*Exercise prompt:* Output every entry below exactly, without its pictures.

*Data excerpts:*
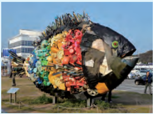
宇野のチヌ (淀川テクニック)

●玉野市は、今回から芸術祭に正式参加しています。宇野港には写真家荒木惟経氏(アラキキ)の巨大な写真(ビルボード)が登場。港には「チヌ」(写真)や巨大なプロペラのオブジェなどが点在しています。市では官民あげて「たまの☆おもてなし委員会」を設置し、来場者へのおもてなしに取り組んでいます。
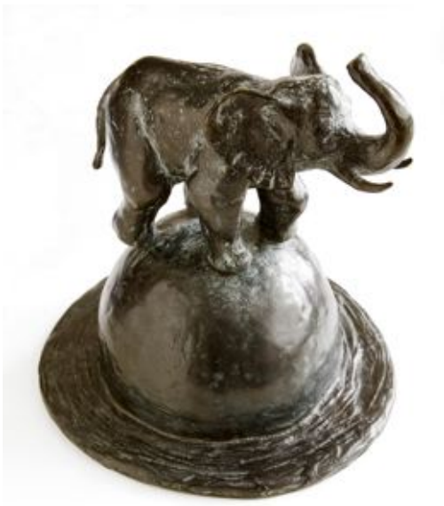
Eléphant-2006- bronze- 25 x 22 x 22 cm
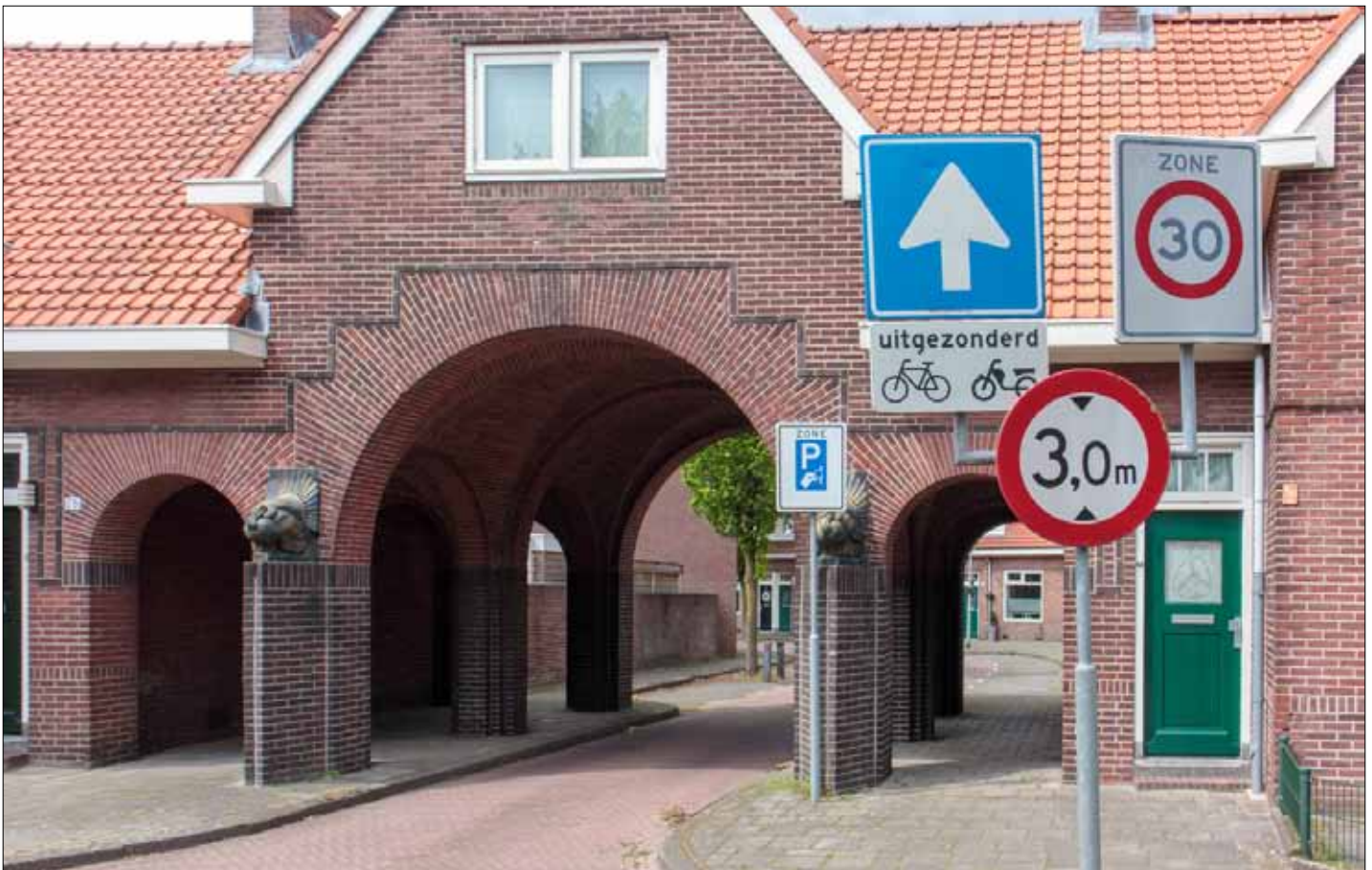
▲ Verkeersborden voor de doorgang naar de Bataviastraat aan de Varviksingel.

In 1928 koopt Woningbouwvereniging De Volkswoning een terrein in het Varvik om daar door aannemer van Egteren een complex van 157 woningen te laten bouwen, ontworpen door architect Blom.
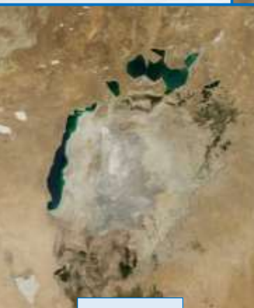
1973 – czwarte pod względem powierzchni jezioro na świecie
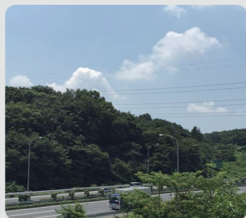
長津田町長月特別緑地保全地区(緑区)
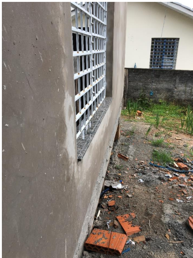
Figura 8: Chapas de granito.
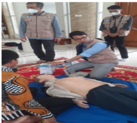
Gambar 2a. Contoh BHD dari tim PKM

5 Pelatihan dapat mempengaruhi pengetahuan secara signifikan karena memiliki faktor pendukung. Salah satu faktor yang membuat pelatihan dengan metode simulasi mampu menambah pengetahuan adalah karena peserta dibimbing langsung oleh trainer yang sudah berpengalaman. Hal ini kami lakukan pada kegiatan PKM ini, dimana penyuluhan dan pelatihan dilakukan berkesinambungan dan langsung dipraktikkan sehingga pelatih segera memberikan koreksi langsung pada semua peserta. Selain itu, peserta bisa langsung bertanya, sehingga peserta lebih paham dalam proses pelatihan.
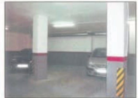
Lote 108 Plaza de parking en venta en Badalona

Todos estos lotes y más, que puede consultar en la página web, proceden de liquidaciones y subastas. Todos tienen precios excepcionales, de ocasión.
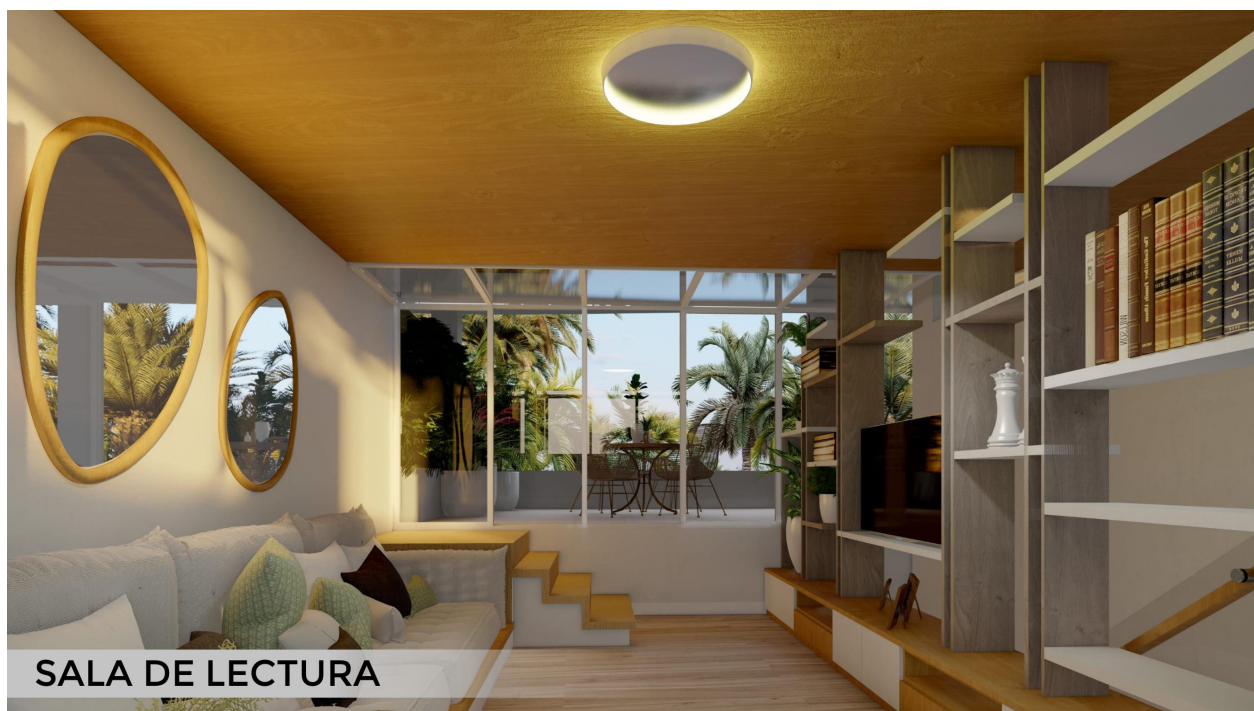
SALA DE LECTURA
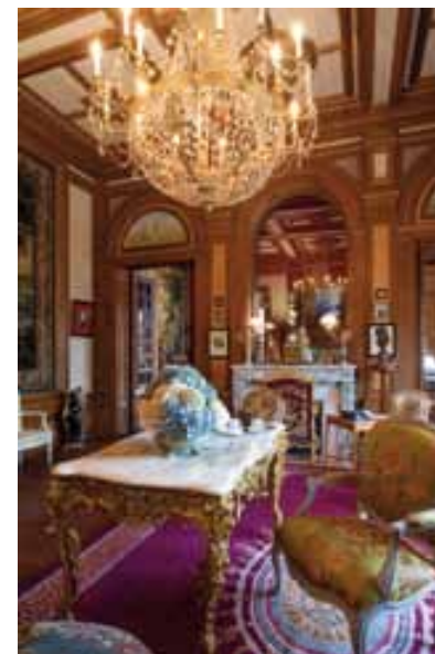
Vue du grand salon

Ce salon d'apparat, de forme carré, comporte un plafond à caissons, blancs et or, ornés de couronnes de feuilles de chêne et de glands rehaussés d'or. Un important lustre Empire à pampilles de cristal et à palmettes en bronze doré cache trois ampoules tricolores ! Mantin manifestait-il ainsi son attachement à la Patrie à une date où la défaite de 1870 – et la perte de l'Alsace et de la Moselle – était dans tous les esprits et rassemblait l'ensemble des Français dans un désir national de revanche ? Une grande baie vitrée, donnant directement sur la terrasse par une volée de marches, est équipée de volets métalliques. Une manivelle, actionnant une vis sans fin, permet de manoeuvrer les volets de la partie supérieure. Une tapisserie marchaise (fin du XVII e ou début du XVIII e siècle) à décor de chasse au sanglier décore le mur opposé. La cheminée de marbre gris est surmontée, non d'un miroir, mais d'un simple vitrage alors que les portes présentent des miroirs. Un jeu de lumières, de transparences, de surprises naît de cet aménagement original. Les dessus-de-porte sont animés de putti dans des scènes champêtres.
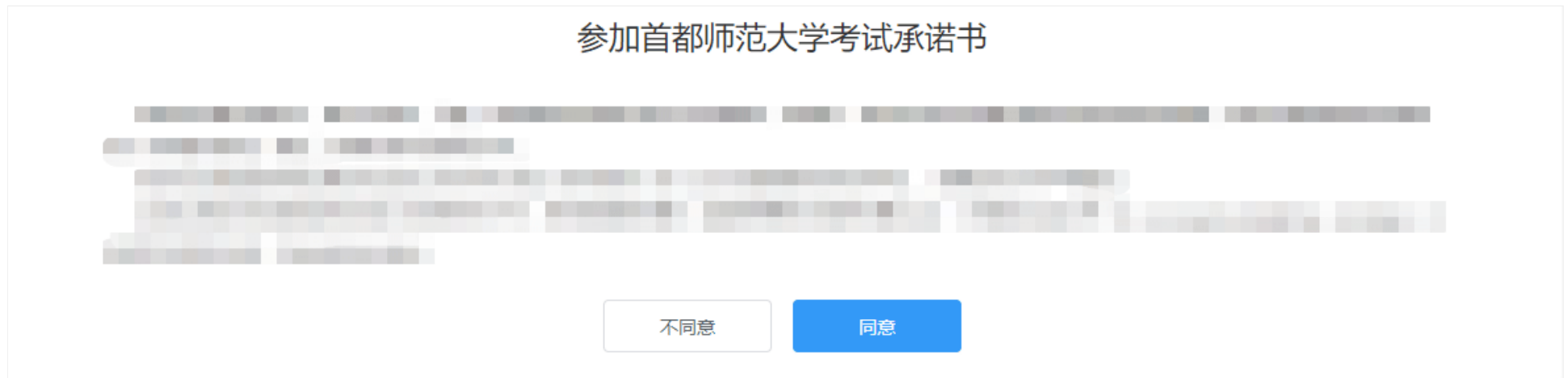
图 5-2 阅读考试承诺书

首次进行资格确认的考生，资格确认后会出现考试单位的考试承诺书，阅读考试承诺书后点击【同意】按钮。
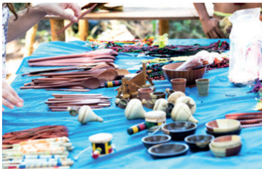
Tragédia destruiu projeto de vida da comunidade indígena em Bicas, que tinha interesse em se constituir como referência na região com venda de artesanato
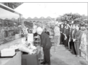
小橋川戦没者刻銘碑
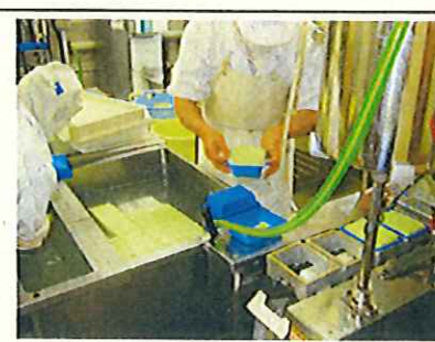
あやみどりを使用した豆腐加工
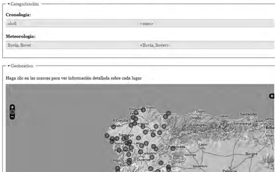
Figura 5. Ficha del conocido refrán En abril augas mil , en que se constata su vitalidad en el territorio gallego.

Paremiotipo localizado por el ALGa en más de cuarenta puntos de encuesta, con leves variaciones como encabezamiento con preposición ( En , Por ) o ausencia de esta, "gheads" ( aughas ) y otras. Cf. también Abril chuvias mil .
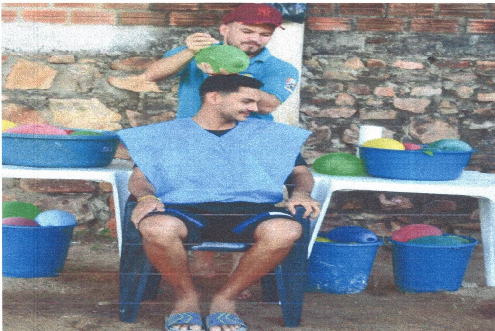
Figura 24: Dinâmica “Balão d’água”: Testando seus conhecimentos.
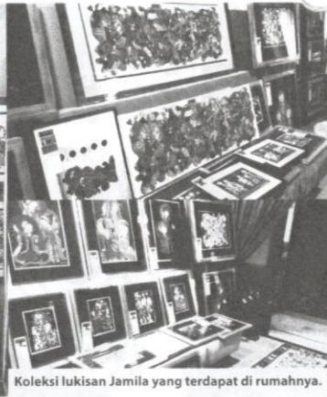
Koleksi lukisan Jamila yang terdapat di rumahnya.

*The completed task:*
宇野のチヌ (淀川テクニック)

●玉野市は、今回から芸術祭に正式参加しています。宇野港には写真家荒木惟経氏(アラキキ)の巨大な写真(ビルボード)が登場。港には「チヌ」(写真)や巨大なプロペラのオブジェなどが点在しています。市では官民あげて「たまの☆おもてなし委員会」を設置し、来場者へのおもてなしに取り組んでいます。
Eléphant-2006- bronze- 25 x 22 x 22 cm
▲ Verkeersborden voor de doorgang naar de Bataviastraat aan de Varviksingel.

In 1928 koopt Woningbouwvereniging De Volkswoning een terrein in het Varvik om daar door aannemer van Egteren een complex van 157 woningen te laten bouwen, ontworpen door architect Blom.
1973 – czwarte pod względem powierzchni jezioro na świecie
長津田町長月特別緑地保全地区(緑区)
Figura 8: Chapas de granito.
Gambar 2a. Contoh BHD dari tim PKM

5 Pelatihan dapat mempengaruhi pengetahuan secara signifikan karena memiliki faktor pendukung. Salah satu faktor yang membuat pelatihan dengan metode simulasi mampu menambah pengetahuan adalah karena peserta dibimbing langsung oleh trainer yang sudah berpengalaman. Hal ini kami lakukan pada kegiatan PKM ini, dimana penyuluhan dan pelatihan dilakukan berkesinambungan dan langsung dipraktikkan sehingga pelatih segera memberikan koreksi langsung pada semua peserta. Selain itu, peserta bisa langsung bertanya, sehingga peserta lebih paham dalam proses pelatihan.
Lote 108 Plaza de parking en venta en Badalona

Todos estos lotes y más, que puede consultar en la página web, proceden de liquidaciones y subastas. Todos tienen precios excepcionales, de ocasión.
SALA DE LECTURA
Vue du grand salon

Ce salon d'apparat, de forme carré, comporte un plafond à caissons, blancs et or, ornés de couronnes de feuilles de chêne et de glands rehaussés d'or. Un important lustre Empire à pampilles de cristal et à palmettes en bronze doré cache trois ampoules tricolores ! Mantin manifestait-il ainsi son attachement à la Patrie à une date où la défaite de 1870 – et la perte de l'Alsace et de la Moselle – était dans tous les esprits et rassemblait l'ensemble des Français dans un désir national de revanche ? Une grande baie vitrée, donnant directement sur la terrasse par une volée de marches, est équipée de volets métalliques. Une manivelle, actionnant une vis sans fin, permet de manoeuvrer les volets de la partie supérieure. Une tapisserie marchaise (fin du XVII e ou début du XVIII e siècle) à décor de chasse au sanglier décore le mur opposé. La cheminée de marbre gris est surmontée, non d'un miroir, mais d'un simple vitrage alors que les portes présentent des miroirs. Un jeu de lumières, de transparences, de surprises naît de cet aménagement original. Les dessus-de-porte sont animés de putti dans des scènes champêtres.
图 5-2 阅读考试承诺书

首次进行资格确认的考生，资格确认后会出现考试单位的考试承诺书，阅读考试承诺书后点击【同意】按钮。
Tragédia destruiu projeto de vida da comunidade indígena em Bicas, que tinha interesse em se constituir como referência na região com venda de artesanato
小橋川戦没者刻銘碑
あやみどりを使用した豆腐加工
Figura 5. Ficha del conocido refrán En abril augas mil , en que se constata su vitalidad en el territorio gallego.

Paremiotipo localizado por el ALGa en más de cuarenta puntos de encuesta, con leves variaciones como encabezamiento con preposición ( En , Por ) o ausencia de esta, "gheads" ( aughas ) y otras. Cf. también Abril chuvias mil .
Figura 24: Dinâmica “Balão d’água”: Testando seus conhecimentos.
Koleksi lukisan Jamila yang terdapat di rumahnya.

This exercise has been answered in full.